In September 140 BCE, the assembled people declared Simon their high priest, commander and ethnarch—a position described by Tessa Rajak as 'head of the nation'—"forever, until a trustworthy prophet shall arise".

Meanwhile, conflict in Syria continued. In 139 BCE Demetrius II was captured by the Parthians, and his brother Antiochus VII Sidetes became king. After defeating Tryphon, Antiochus confirmed all Simon's privileges and even granted him the right to mint coinage—though Simon apparently never used it. Around 138 he besieged Tryphon at Dor, likely with Simon's help; Tryphon escaped but died at Apamea in 137 BCE. Antiochus then demanded the return of the Akra, Gezer, and Jaffa, or a payment totaling one thousand talents. Simon rejected the demands, declaring that the Jews had merely regained their ancestral land: "We have neither taken foreign land nor seized foreign property, but only the inheritance of our ancestors, which at one time had been unjustly taken by our enemies", instead offering just a token of 100 talents. Antiochus sent his general Kendebaios against Judea, but Simon's sons John and Judah defeated him near Kedron and Ashdod.

In 134 BCE, Simon was assassinated at a banquet in the fortress of Dok near Jericho by his son-in-law Ptolemy ben Abubus, governor of the plain of Jericho, in an attempt to seize power. Ptolemy also took Simon's wife and two of his sons hostage, but his third son, John Hyrcanus, was warned in advance and escaped, soon succeeding his father as ruler of Judea.

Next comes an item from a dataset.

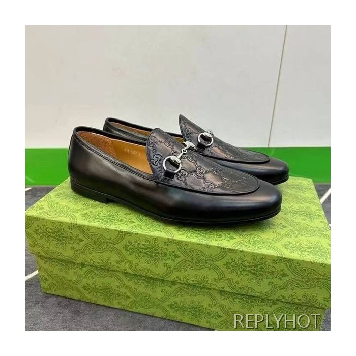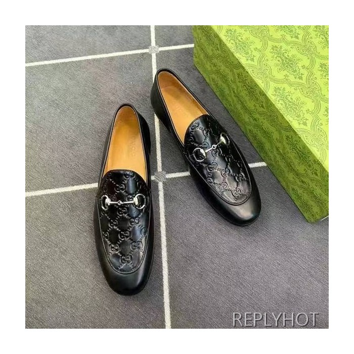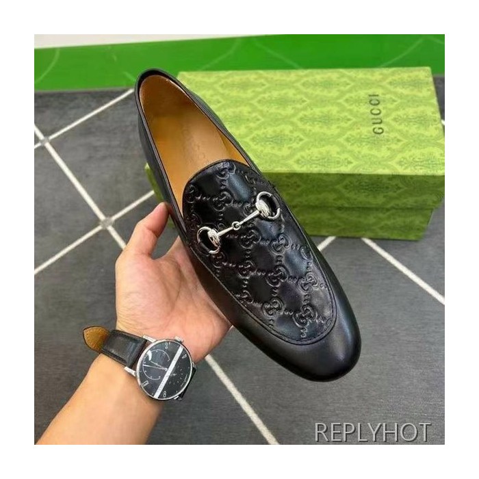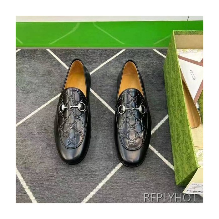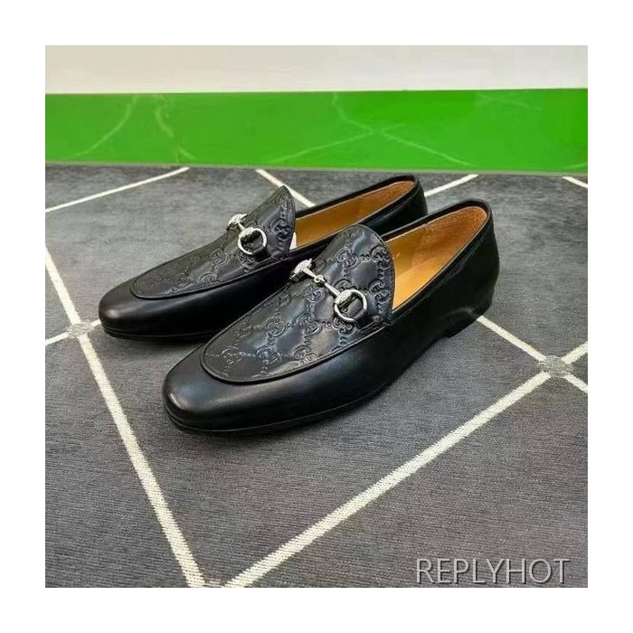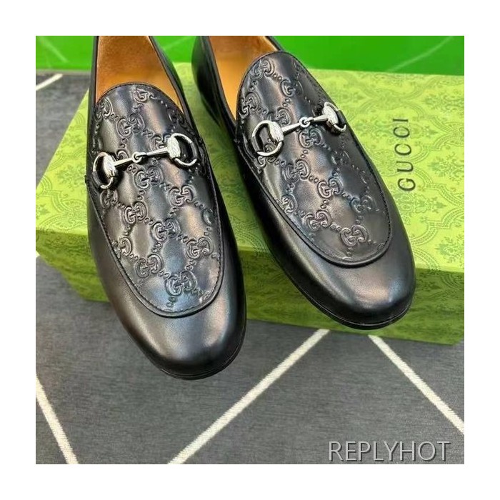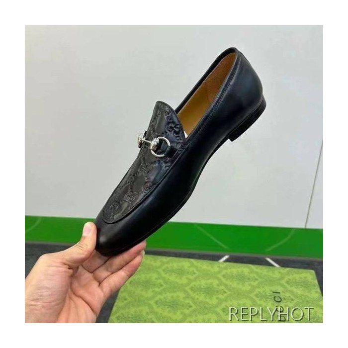 구찌 2024 탑 자카드로고 블랙 레더 홀스빗 로퍼 구두 신발

=== John Hyrcanus (135–104 BCE) ===

After escaping Ptolemy's plot, Hyrcanus fled to Jerusalem, where the citizens refused to admit Ptolemy. He gained power by mobilizing his forces and was accepted as High Priest. He then besieged Ptolemy in the fortress of Dok, but failed to capture it. Ptolemy then murdered Hyrcanus's mother and brothers before fleeing to Philadelphia.

Soon afterward, Antiochus VII besieged Hyrcanus in Jerusalem. Antiochus allowed a truce during Sukkot and sent offerings for the Temple. The two eventually agreed that Judea would pay tribute for Jaffa and other border towns. Antiochus also ordered Jerusalem's walls demolished and demanded a garrison, which Hyrcanus declined on religious grounds; instead, he sent hostages and additional silver to secure an agreement. Josephus reports that Hyrcanus opened David's Tomb to obtain funds. The money was apparently used to hire mercenaries, marking the first known use of such troops by a Hasmonean ruler. Relations between Hyrcanus and Antiochus remained positive, and around 130 BCE, Hyrcanus joined the king's campaign against the Parthians, commanding a Jewish contingent. Antiochus was killed in battle against the Parthian king Phraates II in about 129 BCE, after which his brother Demetrius II was released and restored to the Seleucid throne.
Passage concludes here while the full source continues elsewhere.